When I daydream now, I find my fantasies have suddenly moved back West, to thick adobe walls and shaded Saltillo-tiled courtyards and a flood of high desert light. They look a lot, actually, like the Hacienda Corona de Guevavi, a bed-and-breakfast set on an 18th-century ranch outside Nogales that used to belong to the family of one of my closest childhood friends, Ian Wingfield.

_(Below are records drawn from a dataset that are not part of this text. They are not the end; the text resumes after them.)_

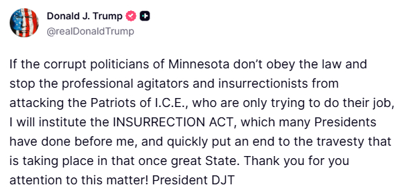 🐖 特朗普:“如果明尼苏达州的“腐败政客不遵守法律”,不阻止“职业煽动者和叛乱分子攻击”美国移民及海关执法局(ICE)的“爱国者们”(他们只是在履行职责),我将颁布“《叛乱法》”,就像“许多总统”在我之前所做的那样,“迅速制止”在这个“曾经伟大的州”发生的闹剧。”对于MAGA而言,他们习惯把所有攻击美国大兵以及大兵家属的人比作畜 生,但这样的大畜 生现在就在白宫玻利瓦尔英雄之地ICE枪击事件引发大规模抗议
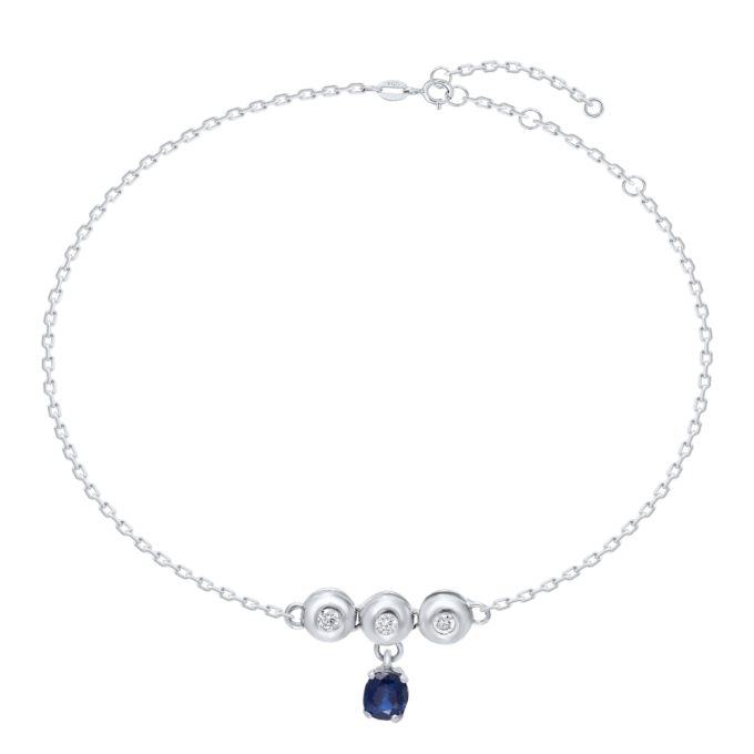 Bracelet, Floating Carat Bracelet3 brilliant round diamonds studded on white gold chain with beautiful blue sapphire studded on 18k white gold
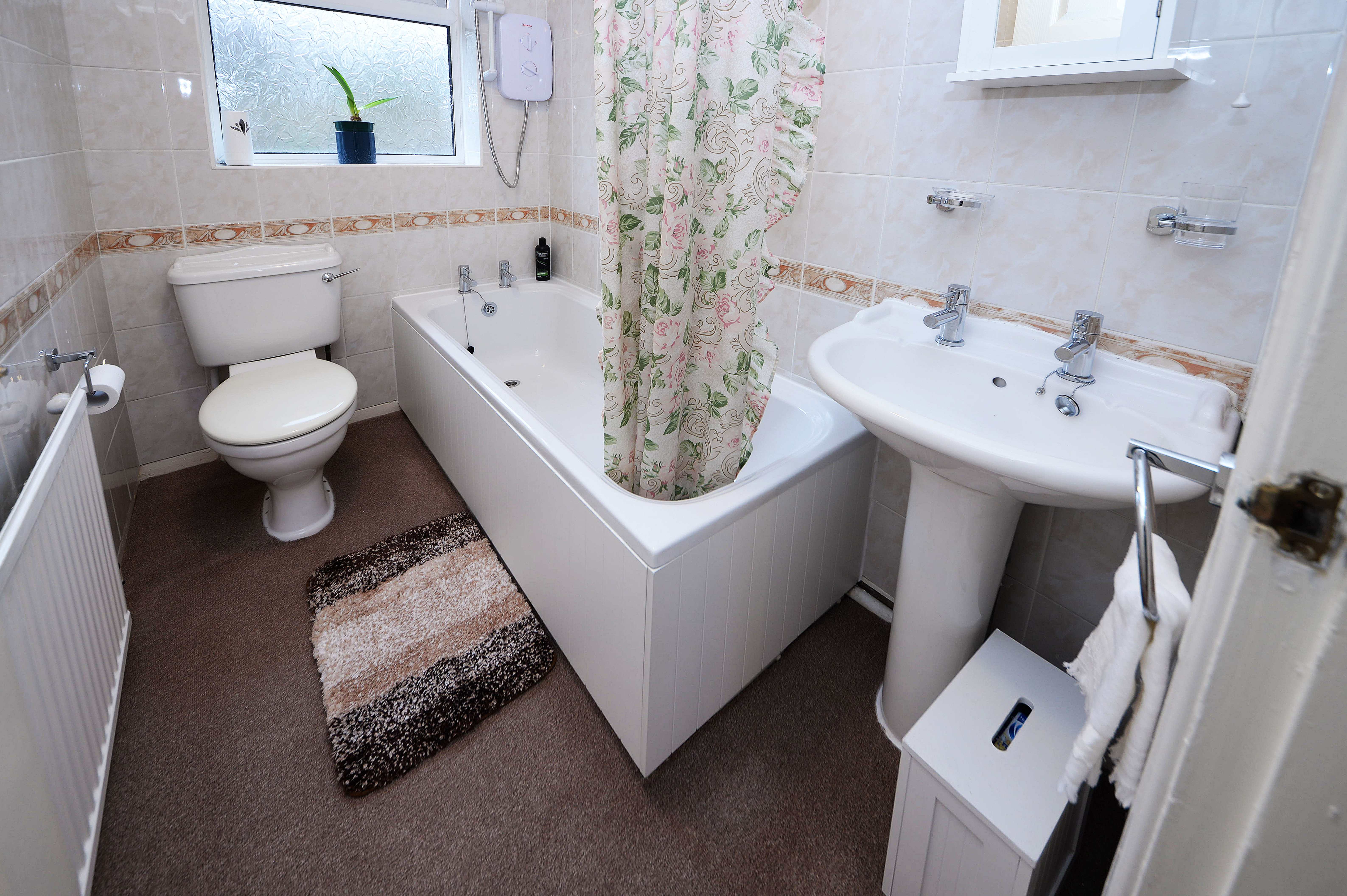 Obscure uPVC double glazed window to rear aspect, fully tiled bathroom, low level WC, panelled bath with electric shower over, wall mounted pedestal hand wash basin with taps over, radiator
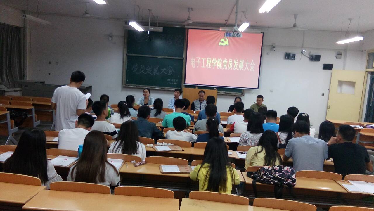 4月28日19:00,beat365中文官方网站学生党支部于阎教1322教室组织召开了党员发展大会,会议由学生党支部书记孙护军老师主持,全体党员,以及王阿晨等三十四名入党积极分子参加大会。
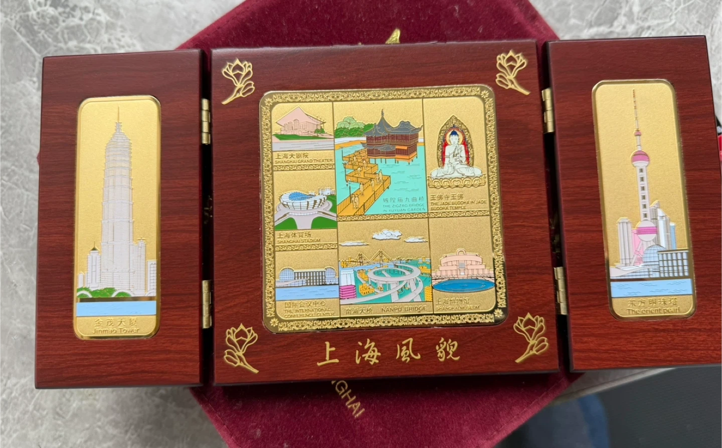 This is a beautiful display featuring gold-plated landmarks of Shanghai, presented in a lovely wooden and velvet case. It's a unique piece to showcase the style and features of Shanghai's iconic locations
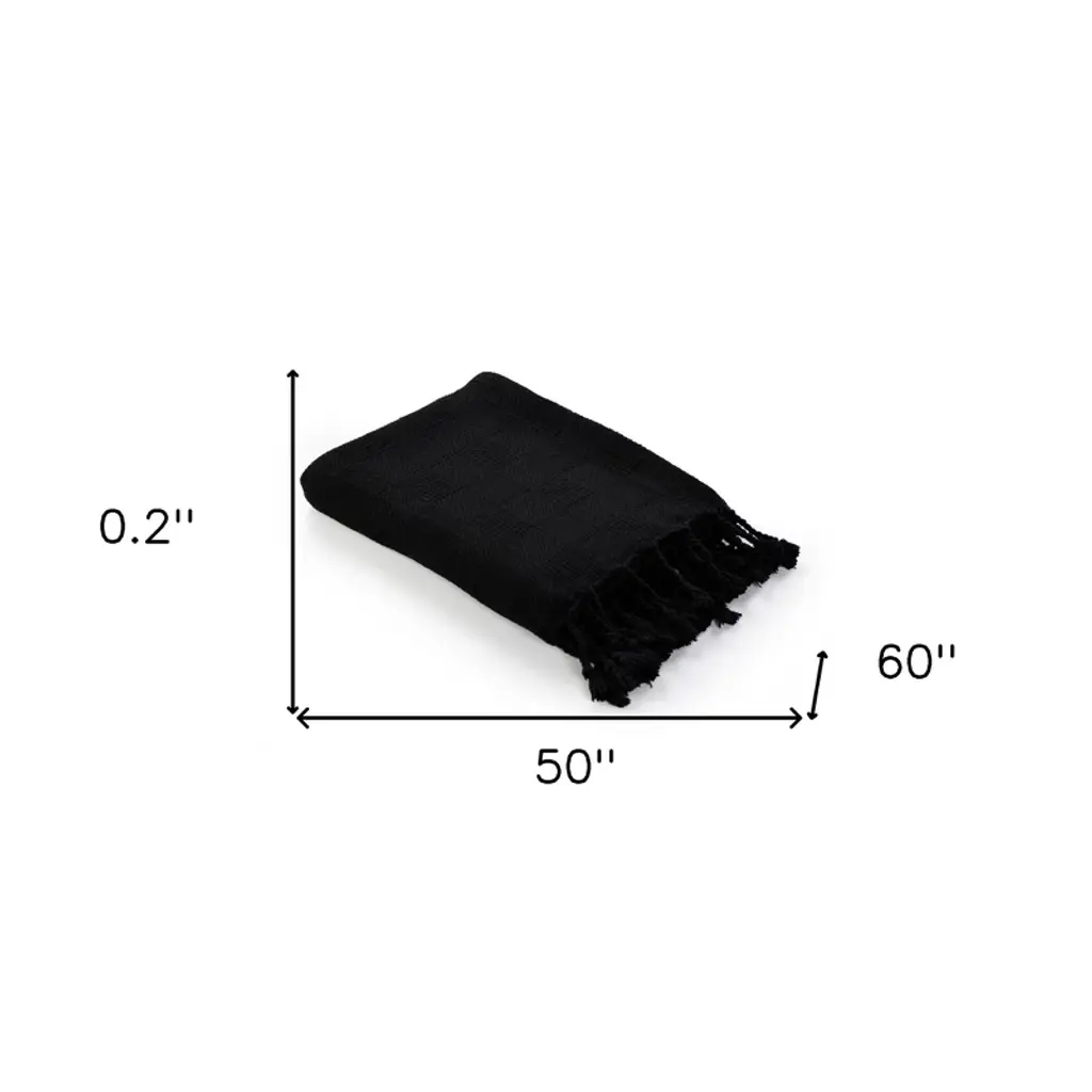 Homeroots 50" X 60" Black Woven Cotton Throw Blanket With Fringe
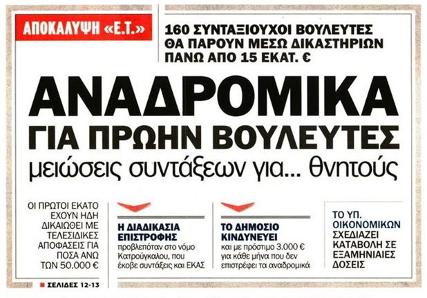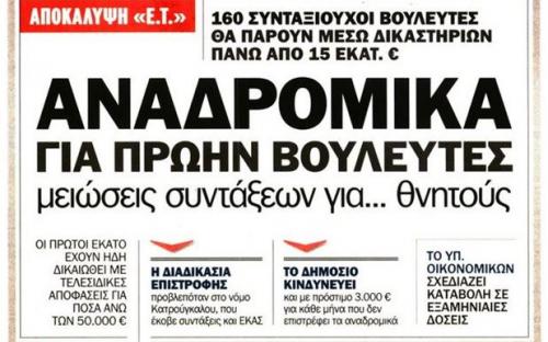 Θα πάρουν πάνω από 15 εκατ. ευρώ - Ενώ οι συντάξεις των κοινών θνητών συνεχίζουν να μειώνονται«Μποναμά» ετοιμάζεται να δώσει η κυβέρνηση στους πρώτους 100 πρώην βουλευτές, που δικαιώθηκαν δικαστικά για την εξίσωση των αποδοχών τους με αυτές του προέδρου του Αρείου Πάγου, αναδρομικά από το 2009 και μετά.
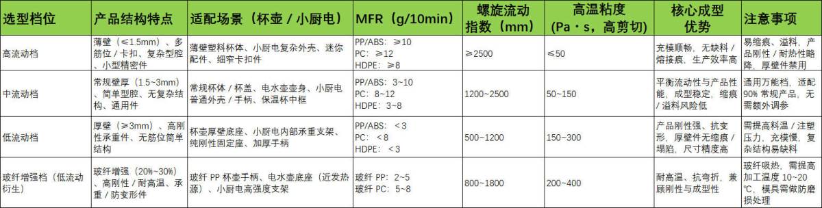1. 按壁厚定档 :壁厚是核心依据,≤1.5mm 选高流动,1.5~3mm 选中流动,≥3mm 选低流动,玻纤增强件单独归档;
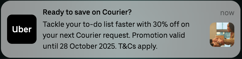 CONTEXT: Uber Courier is a convenience-led offering, but requires a behavioural shift for users to move from awareness to first-time usage. This created an opportunity to drive adoption among users who already demonstrate convenience-driven purchase behaviour on the platform.
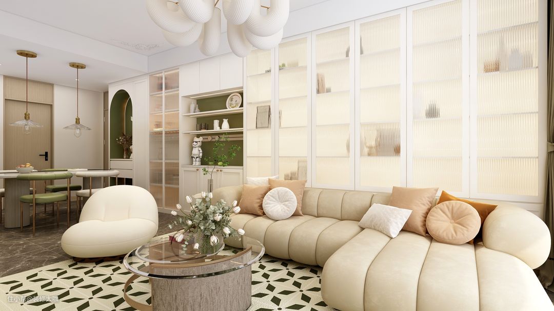 这里我们采用白绿黄来进行色彩搭配,有大量的弧形设计,当然其中的装饰起到氛围感足不足的问题,让小编带领大家走进简约风。
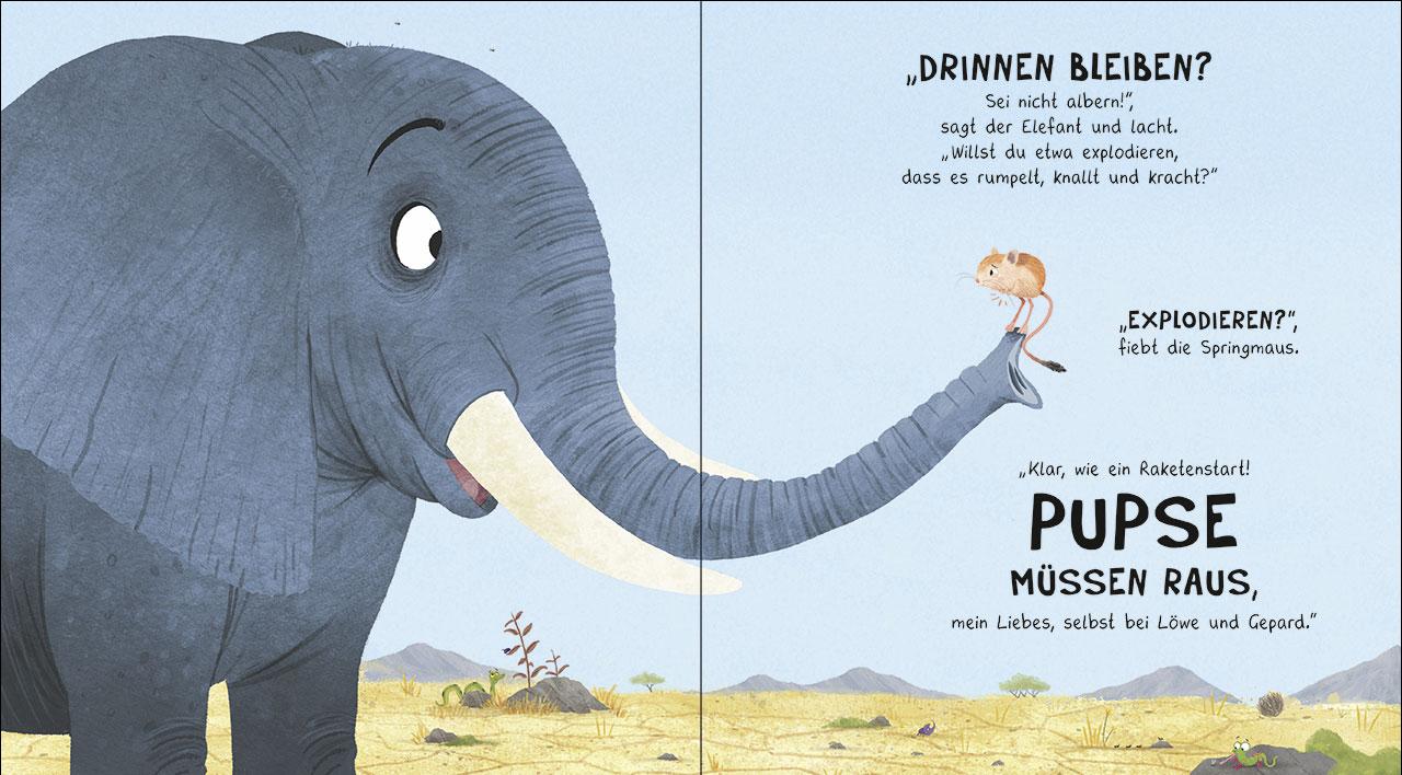 Ob Pupswölkchen, ob Furzkanone, ob mit Anlauf oder ohne, ob Elefant, ob Mensch, ob Maus - bei allen kommt's mal hinten raus!Auf einer urkomischen Reise durch das Reich der Flatulenz beobachten Elefant und Maus die unterschiedlichsten Fürze. Und so lernt die Maus, dass Pupsen die normalste Sache der Welt ist!Kühe, Hunde, Affen, Spinnen, Schlangen, Würmer, draußen, drinnen, sogar Hai und Pinguin, kennen keine Medizin. Perserkatzen, Riesendrachen, Superhelden müssen's machen ¿ und am Ende ist schon klar, dass es wieder keiner war!- Bilderbuch ab 3 Jahren über eines der beliebtesten Kinderthemen!- Lachgarantie für Kinder und Vorlesende- Augenzwinkernd gereimter Lese- und Vorlesespaß- Vermittelt eine positive Einstellung zu natürlichen Körperfunktionen- Vom Erfolgsduo der Bilderbücher Bär muss mal und Mamas Po erkenn' ich sowieso- Die beliebtesten Tiere als Identifikationsfiguren- Witzig und charmant illustriert von Mike Byrne- Das ideale Geschenk und Mitbringsel für Kinder von 3-6 Jahren- Hochwertige Hardcover-Ausgabe- Vorlesen und gemeinsames Lachen stärkt die Eltern-Kind-Beziehung

The house, with its corrugated tin roof and façade of café au lait adobe, was built in 1938. A low wall encloses a front garden planted with sage and agave, and a walkway leads to the main courtyard, where original murals of Mexican villagers still decorate the walls. The current owners, Phil and Wendy Stover, greet me and my boyfriend, Rob, in the foyer. Phil and Wendy grew up in Tucson but worked for much of their lives in California and Connecticut—he ran restaurants, she was a film company exec—before returning to Arizona in 2002 and buying and renovating the beautiful Spanish colonial pile. When it was just Ian's grandfather's house, I used to spend afternoons hanging out here, watching Ian leap into the pinto-bean-shaped pool from the pool-house roof. The place is almost as I remember, though lightened and brightened; windows that were shaded by overgrown vegetation now offer clear views of the Santa Cruz riverbed. What was the master bedroom is now a grand suite with a tufted headboard, an original fireplace of massive stone blocks, and pink toile curtains dressing a large window overlooking the surrounding ranch land.